■ STORED DATA
....

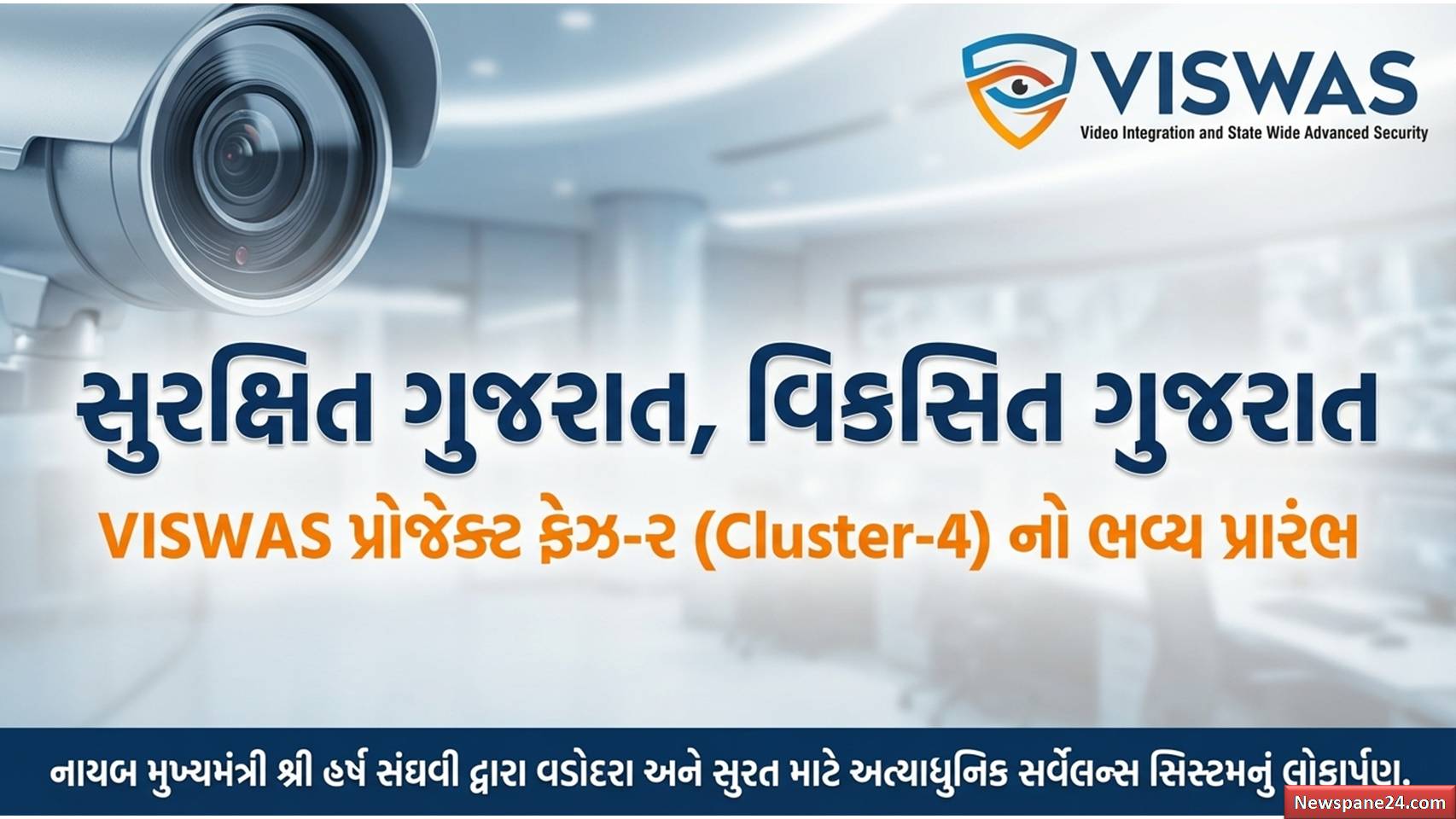 VISWAS : “સુરક્ષિત ગુજરાત, વિકસિત ગુજરાત”ના મંત્રને સાર્થક કરવા માટે રાજ્ય સરકાર દ્વારા વધુ એક મોટું કદમ ઉઠાવવામાં આવ્યું છે. વડોદરાની ઐતિહાસિક ધરતી પરથી નાયબ મુખ્યમંત્રી હર્ષ સંઘવી દ્વારા VISWAS પ્રોજેક્ટ ફેઝ-૨ (Cluster-4) નો ધમાકેદાર પ્રારંભ કરવામાં આવ્યો છે. આ સાથે જ વડોદરા શહેર પોલીસ ભવનમાં અત્યાધુનિક ‘નેત્રમ’ (Integrated Command & Control Room) નું પણ લોકાપર્ણ કરવામાં આવ્યું છે.
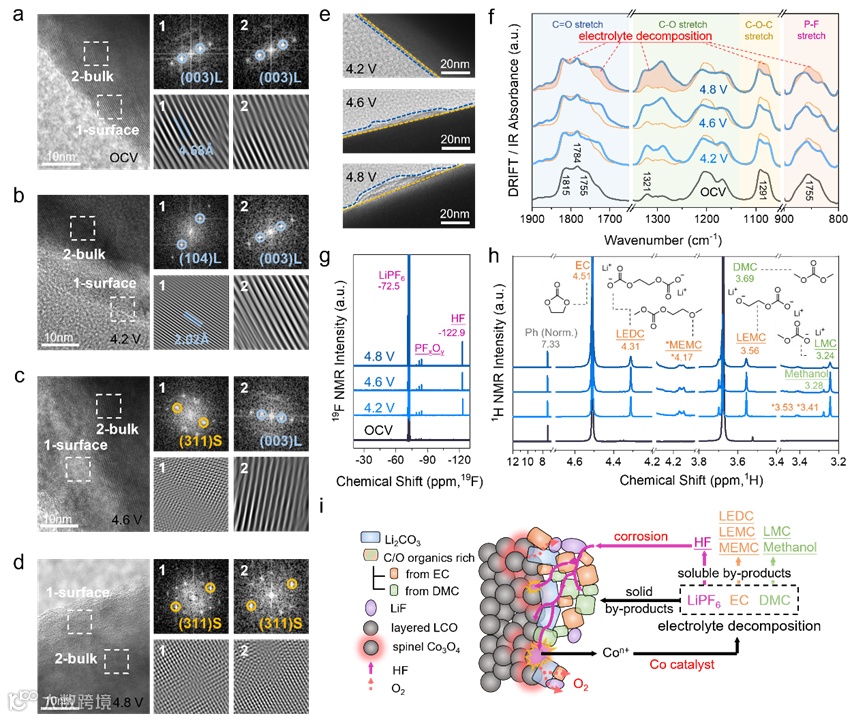 图5.(a—d)HR-TEM所示不同电压钴酸锂表面;(e)不同电压下生成的CEI膜;(f)DRIFT结果;(g—h)19F和1H NMR;(i)界面恶化示意图。
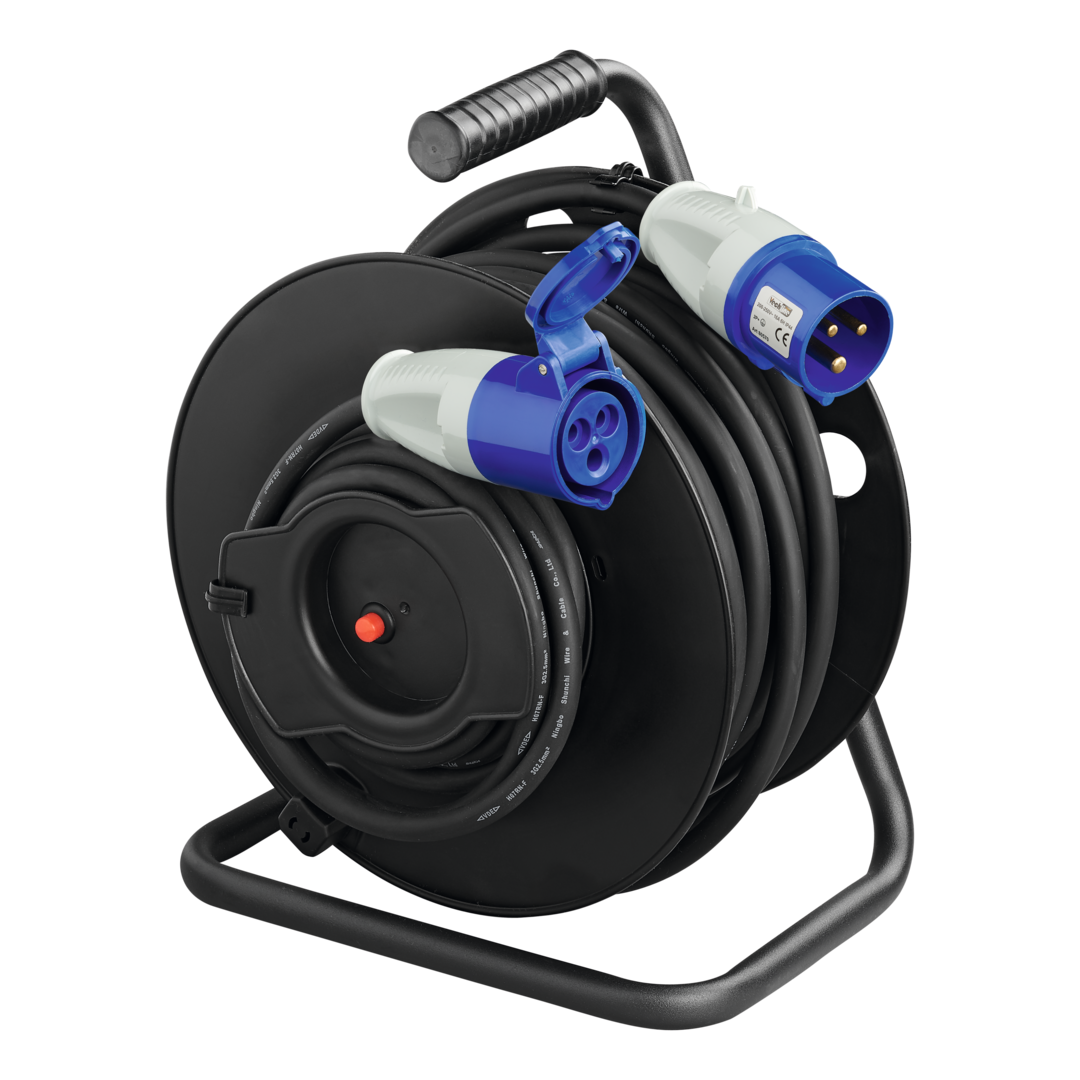 Mit CEE-Stecker 230 V/16 A und CEE-Kupplung 230 V/16 A, spritzwassergeschützt.
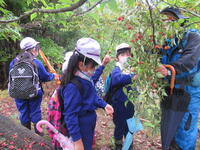 10月13日(水)1年生が大沢地区に森林学習に行ってきました。講師に森の案内人の小椋さんをお迎えし、秋の自然を楽しみました。当日は雨の天候でしたが、雨の楽しみ方や山の恵みをたくさん感じた体験活動となりました。

....

Only the text of the listing should be returned, exactly and in full; no image goes into the copy.

 VISWAS : “સુરક્ષિત ગુજરાત, વિકસિત ગુજરાત”ના મંત્રને સાર્થક કરવા માટે રાજ્ય સરકાર દ્વારા વધુ એક મોટું કદમ ઉઠાવવામાં આવ્યું છે. વડોદરાની ઐતિહાસિક ધરતી પરથી નાયબ મુખ્યમંત્રી હર્ષ સંઘવી દ્વારા VISWAS પ્રોજેક્ટ ફેઝ-૨ (Cluster-4) નો ધમાકેદાર પ્રારંભ કરવામાં આવ્યો છે. આ સાથે જ વડોદરા શહેર પોલીસ ભવનમાં અત્યાધુનિક ‘નેત્રમ’ (Integrated Command & Control Room) નું પણ લોકાપર્ણ કરવામાં આવ્યું છે.
 图5.(a—d)HR-TEM所示不同电压钴酸锂表面;(e)不同电压下生成的CEI膜;(f)DRIFT结果;(g—h)19F和1H NMR;(i)界面恶化示意图。
 Mit CEE-Stecker 230 V/16 A und CEE-Kupplung 230 V/16 A, spritzwassergeschützt.
 10月13日(水)1年生が大沢地区に森林学習に行ってきました。講師に森の案内人の小椋さんをお迎えし、秋の自然を楽しみました。当日は雨の天候でしたが、雨の楽しみ方や山の恵みをたくさん感じた体験活動となりました。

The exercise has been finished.